I just had a friend burn out a cheap power supply by plugging in lights to it. He was so close to his power threshold that the addition of some lights pushed it over the edge and fried absolutely everything in his case. Be careful.


----------



## greenbrucelee (Apr 24, 2007)

the 450w psu wont handle any decent graphics card out there so you will still need to replace it


----------



## mario74 (Dec 2, 2010)

To help clarify things for you. Some games will rely more heavily on your CPU and others will rely more on your gpu. As stated skyrim was optimized for dual core so thats why it runs better. As far as your power supply I would listen to the others and replace that PSU. Your power supply, even if it's a good one will lose 20% of it's power within the first couple years. So if your PSU is 2 or more years old it's down to 390 wats and degrades at a lesser rate from there. If it's a cheap PSU when it decides to go it can take other components with it. Today's single card setup should have at least a good quality 550-600 watt PSU to ensure stability and longevity. Considering your taxing that PSU every time you play a game I would replace it sooner that later.


----------



## Spectral Dragon (Dec 28, 2011)

> Considering your taxing that PSU every time you play a game I would replace it sooner that later.


What information are you basing this off of? Ever since putting the 450 watt in it's run very smooth indeed.

As well, according to the specs of the card, it should be more than enough to run the game. There are youtube videos of people playing the game on max settings. 
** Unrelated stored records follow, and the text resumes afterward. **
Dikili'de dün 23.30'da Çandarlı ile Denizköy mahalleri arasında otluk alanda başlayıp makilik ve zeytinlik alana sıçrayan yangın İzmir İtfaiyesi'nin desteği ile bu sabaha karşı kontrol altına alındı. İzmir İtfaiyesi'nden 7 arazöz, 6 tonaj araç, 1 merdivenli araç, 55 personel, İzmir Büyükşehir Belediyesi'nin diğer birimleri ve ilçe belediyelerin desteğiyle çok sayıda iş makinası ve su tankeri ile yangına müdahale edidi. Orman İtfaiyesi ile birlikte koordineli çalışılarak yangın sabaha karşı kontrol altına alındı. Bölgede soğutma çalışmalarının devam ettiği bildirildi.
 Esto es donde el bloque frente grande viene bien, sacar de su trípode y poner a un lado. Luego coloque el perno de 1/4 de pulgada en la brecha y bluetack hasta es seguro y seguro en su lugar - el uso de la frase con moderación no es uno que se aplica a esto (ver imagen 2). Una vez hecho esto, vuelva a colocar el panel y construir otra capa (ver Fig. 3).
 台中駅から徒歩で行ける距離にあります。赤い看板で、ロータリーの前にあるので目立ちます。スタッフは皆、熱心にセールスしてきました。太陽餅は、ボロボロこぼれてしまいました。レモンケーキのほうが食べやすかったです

I am going to ask straight up: are you guys even reading this? I appreciate the input but every single one of you is missing key information that I am providing you, and while I do understand this is a free service this is making me especially frustrated with you. If you can't bother to interpret a post correctly why should I believe any of you are qualified? 
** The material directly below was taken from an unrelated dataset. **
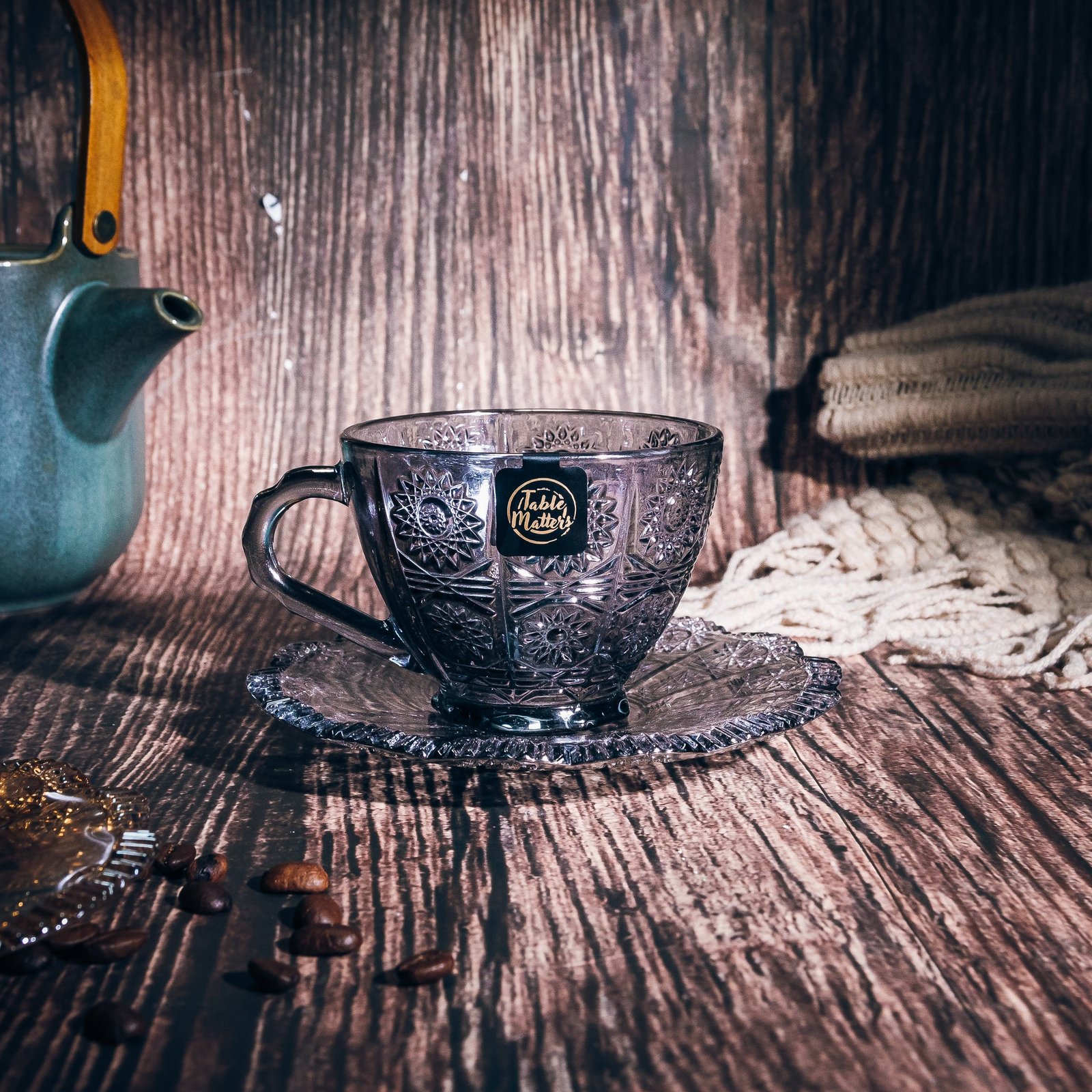 A glass fit for a queen. The TAIKYU lace Glass Cup and Saucer proves that royalty knows no status. Laced with detailed flowers and a flower-shaped saucer. this collection is perfect for reminiscing childhood days of having magical Hi-tea sessions with your friends. Our Taikyu Collection which features a series of durable glassware. Made with high quality and lead-free glass that provides a safer user experience.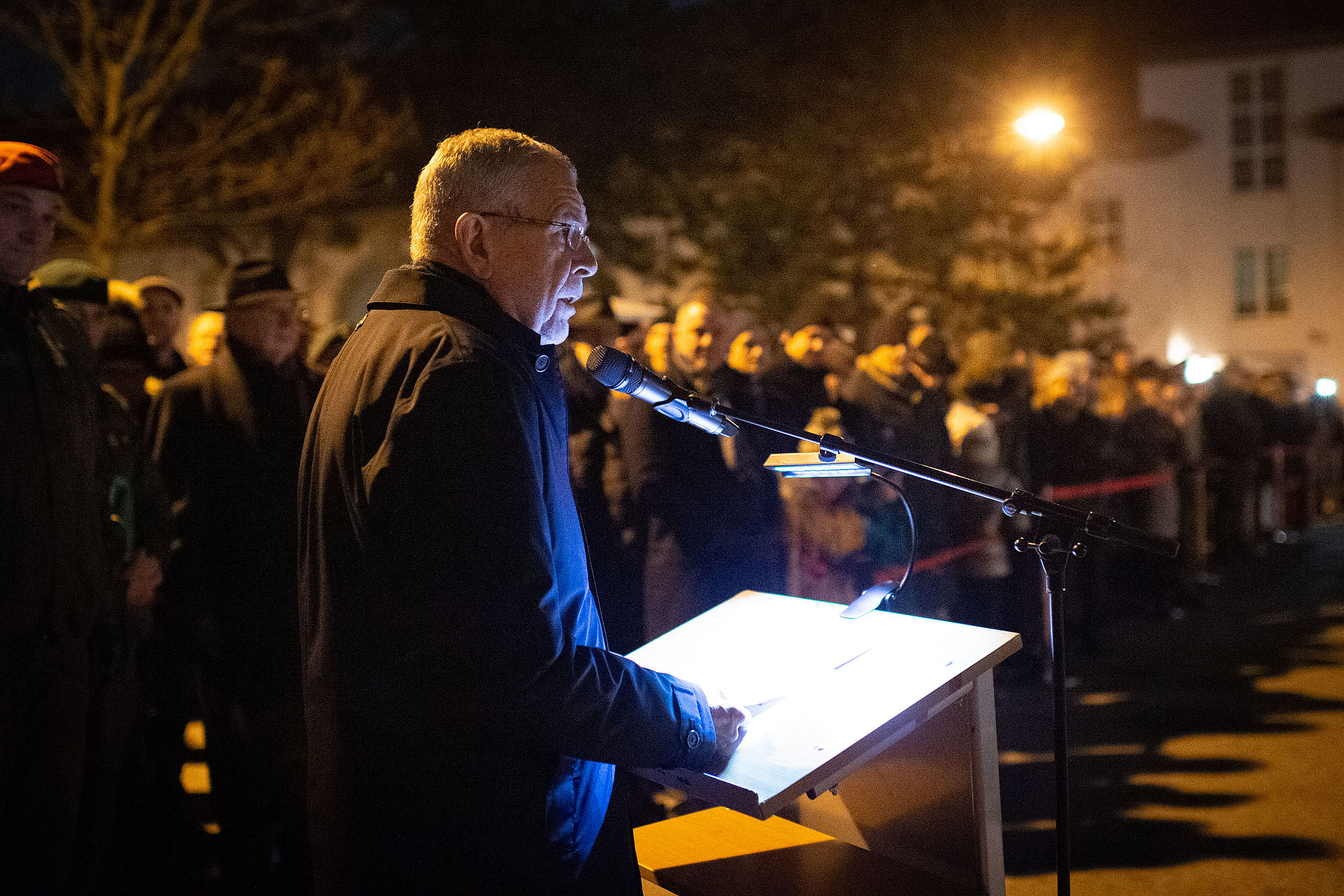 Bundespräsident Alexander Van der Bellen nimmt an der traditionellen Weihnachtsfeier der Garde teil, um sich bei den Soldatinnen und Soldaten für ihre beeindruckenden Leistungen wie Repräsentationsaufgaben, Garde-Musik zu Benefizzwecken oder die jährliche Arbeit am Spendentelefon für Licht ins Dunkel im Namen der Republik Österreich zu danken.

Still, I am off to google again to check your claims.


----------



## greenbrucelee (Apr 24, 2007)

he is most likely basing it on that any modern pci-e system should be running a minimum of a good quality 550w psu plus also that wrench said earlier that 450w just doesn't cut it for any games these days and if you go for the 6450 you will need a good quality 650w psu


----------



## mario74 (Dec 2, 2010)

As well, according to the specs of the card, it should be more than enough to run the game. There are youtube videos of people playing the game on max settings. 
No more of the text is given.